> _EXERCISE DETAILS_: The task calls for every line of the data to be repeated exactly.

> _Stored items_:
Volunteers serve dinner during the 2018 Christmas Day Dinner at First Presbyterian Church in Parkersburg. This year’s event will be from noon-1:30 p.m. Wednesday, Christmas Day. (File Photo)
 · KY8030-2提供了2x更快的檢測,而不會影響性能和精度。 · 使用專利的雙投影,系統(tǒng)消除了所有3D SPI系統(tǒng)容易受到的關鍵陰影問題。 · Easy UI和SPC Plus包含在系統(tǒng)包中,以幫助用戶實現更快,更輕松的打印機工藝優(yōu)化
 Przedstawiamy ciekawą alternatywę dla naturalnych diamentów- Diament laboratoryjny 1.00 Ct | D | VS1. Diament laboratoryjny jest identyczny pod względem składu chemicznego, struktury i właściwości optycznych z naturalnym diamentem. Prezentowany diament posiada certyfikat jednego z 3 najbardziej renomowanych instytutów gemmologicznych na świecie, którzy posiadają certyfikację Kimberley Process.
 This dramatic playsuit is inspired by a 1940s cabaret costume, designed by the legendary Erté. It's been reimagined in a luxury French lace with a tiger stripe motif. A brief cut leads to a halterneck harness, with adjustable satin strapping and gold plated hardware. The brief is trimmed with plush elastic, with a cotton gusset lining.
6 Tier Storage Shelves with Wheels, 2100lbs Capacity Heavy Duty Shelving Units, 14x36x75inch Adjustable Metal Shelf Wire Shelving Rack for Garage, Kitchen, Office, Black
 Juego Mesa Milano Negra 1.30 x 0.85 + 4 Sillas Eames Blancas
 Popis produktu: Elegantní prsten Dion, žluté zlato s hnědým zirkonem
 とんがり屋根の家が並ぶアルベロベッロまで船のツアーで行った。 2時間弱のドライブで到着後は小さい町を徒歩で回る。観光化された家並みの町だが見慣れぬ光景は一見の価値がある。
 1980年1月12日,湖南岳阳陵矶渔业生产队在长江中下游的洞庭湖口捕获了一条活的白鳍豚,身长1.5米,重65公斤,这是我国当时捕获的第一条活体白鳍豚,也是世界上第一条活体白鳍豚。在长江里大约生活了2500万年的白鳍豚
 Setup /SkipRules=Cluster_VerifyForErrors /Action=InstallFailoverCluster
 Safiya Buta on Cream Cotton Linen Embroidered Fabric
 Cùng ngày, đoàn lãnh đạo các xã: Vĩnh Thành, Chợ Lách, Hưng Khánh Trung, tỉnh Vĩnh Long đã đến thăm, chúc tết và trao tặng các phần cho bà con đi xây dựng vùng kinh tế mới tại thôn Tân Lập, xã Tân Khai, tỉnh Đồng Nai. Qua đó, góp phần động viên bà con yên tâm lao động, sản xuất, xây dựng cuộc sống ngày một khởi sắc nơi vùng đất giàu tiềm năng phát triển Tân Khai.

> _RESULT OF THIS EXERCISE_:
Volunteers serve dinner during the 2018 Christmas Day Dinner at First Presbyterian Church in Parkersburg. This year’s event will be from noon-1:30 p.m. Wednesday, Christmas Day. (File Photo)
 · KY8030-2提供了2x更快的檢測,而不會影響性能和精度。 · 使用專利的雙投影,系統(tǒng)消除了所有3D SPI系統(tǒng)容易受到的關鍵陰影問題。 · Easy UI和SPC Plus包含在系統(tǒng)包中,以幫助用戶實現更快,更輕松的打印機工藝優(yōu)化
 Przedstawiamy ciekawą alternatywę dla naturalnych diamentów- Diament laboratoryjny 1.00 Ct | D | VS1. Diament laboratoryjny jest identyczny pod względem składu chemicznego, struktury i właściwości optycznych z naturalnym diamentem. Prezentowany diament posiada certyfikat jednego z 3 najbardziej renomowanych instytutów gemmologicznych na świecie, którzy posiadają certyfikację Kimberley Process.
 This dramatic playsuit is inspired by a 1940s cabaret costume, designed by the legendary Erté. It's been reimagined in a luxury French lace with a tiger stripe motif. A brief cut leads to a halterneck harness, with adjustable satin strapping and gold plated hardware. The brief is trimmed with plush elastic, with a cotton gusset lining.
6 Tier Storage Shelves with Wheels, 2100lbs Capacity Heavy Duty Shelving Units, 14x36x75inch Adjustable Metal Shelf Wire Shelving Rack for Garage, Kitchen, Office, Black
 Juego Mesa Milano Negra 1.30 x 0.85 + 4 Sillas Eames Blancas
 Popis produktu: Elegantní prsten Dion, žluté zlato s hnědým zirkonem
 とんがり屋根の家が並ぶアルベロベッロまで船のツアーで行った。 2時間弱のドライブで到着後は小さい町を徒歩で回る。観光化された家並みの町だが見慣れぬ光景は一見の価値がある。
 1980年1月12日,湖南岳阳陵矶渔业生产队在长江中下游的洞庭湖口捕获了一条活的白鳍豚,身长1.5米,重65公斤,这是我国当时捕获的第一条活体白鳍豚,也是世界上第一条活体白鳍豚。在长江里大约生活了2500万年的白鳍豚
 Setup /SkipRules=Cluster_VerifyForErrors /Action=InstallFailoverCluster
 Safiya Buta on Cream Cotton Linen Embroidered Fabric
 Cùng ngày, đoàn lãnh đạo các xã: Vĩnh Thành, Chợ Lách, Hưng Khánh Trung, tỉnh Vĩnh Long đã đến thăm, chúc tết và trao tặng các phần cho bà con đi xây dựng vùng kinh tế mới tại thôn Tân Lập, xã Tân Khai, tỉnh Đồng Nai. Qua đó, góp phần động viên bà con yên tâm lao động, sản xuất, xây dựng cuộc sống ngày một khởi sắc nơi vùng đất giàu tiềm năng phát triển Tân Khai.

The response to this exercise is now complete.